## What the exercise asks
Without including any images, output the listing below exactly.

## Collected material
● ● ● ● ● ● ●

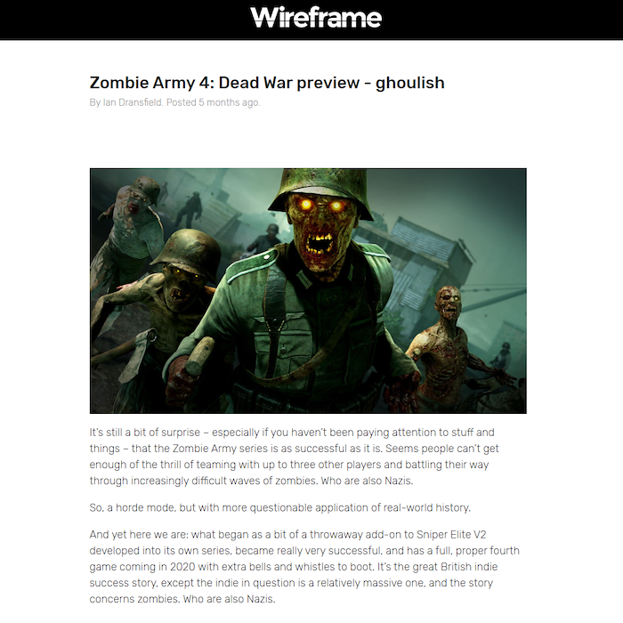 I met up with Ian Dransfield from Wireframe at Gamescom 2019 to discuss why the upcoming Zombie Army 4 game is bigger and better in every way than previous games in the franchise.
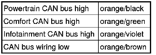 • CAN bus wires have the following color coding:
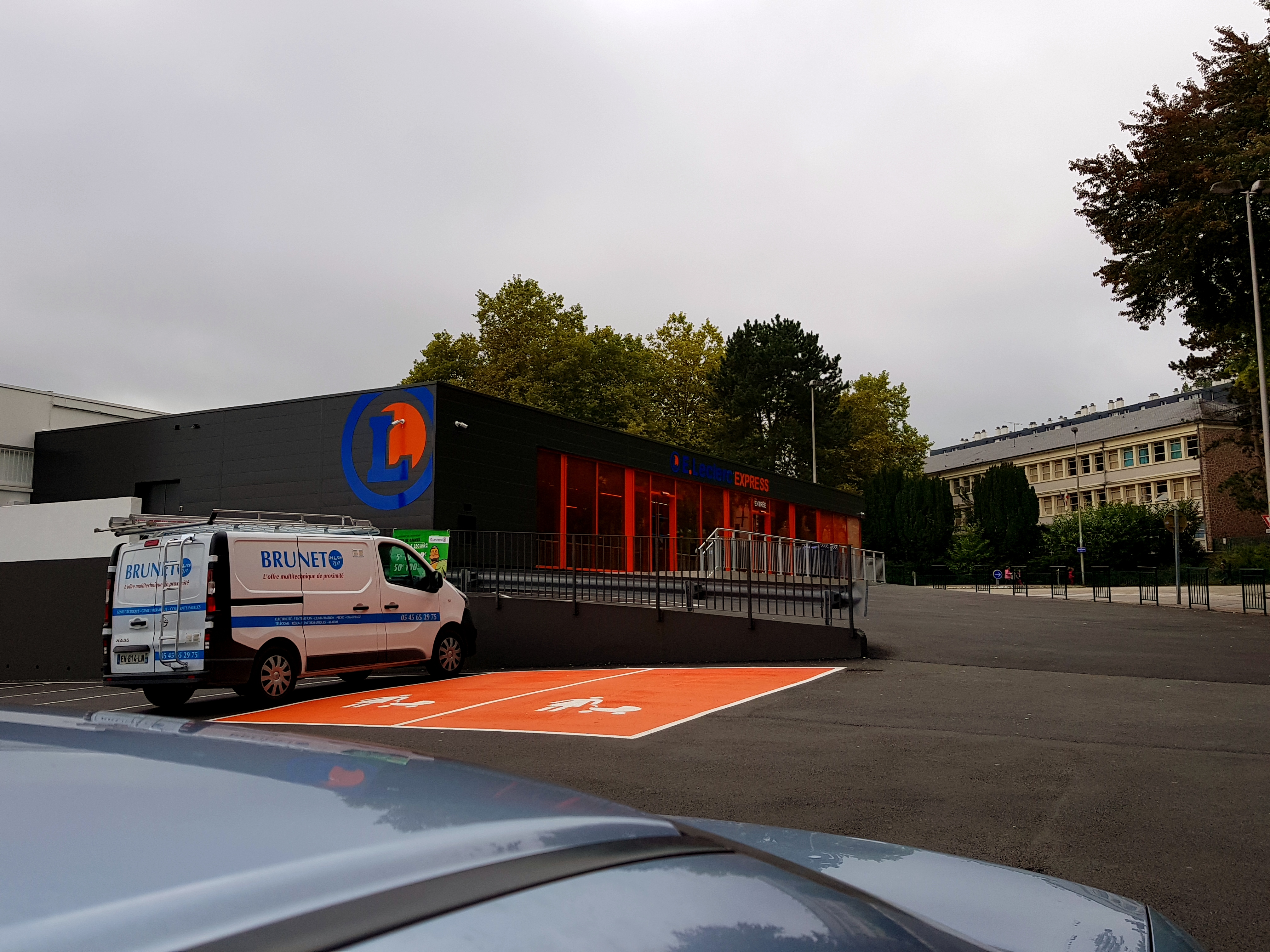 Endroit parfait pour faire des courses rapides, des prix leclerc, parking pratique, accès handicapés.

● ● ● ● ● ● ●

## Final answer
 I met up with Ian Dransfield from Wireframe at Gamescom 2019 to discuss why the upcoming Zombie Army 4 game is bigger and better in every way than previous games in the franchise.
 • CAN bus wires have the following color coding:
 Endroit parfait pour faire des courses rapides, des prix leclerc, parking pratique, accès handicapés.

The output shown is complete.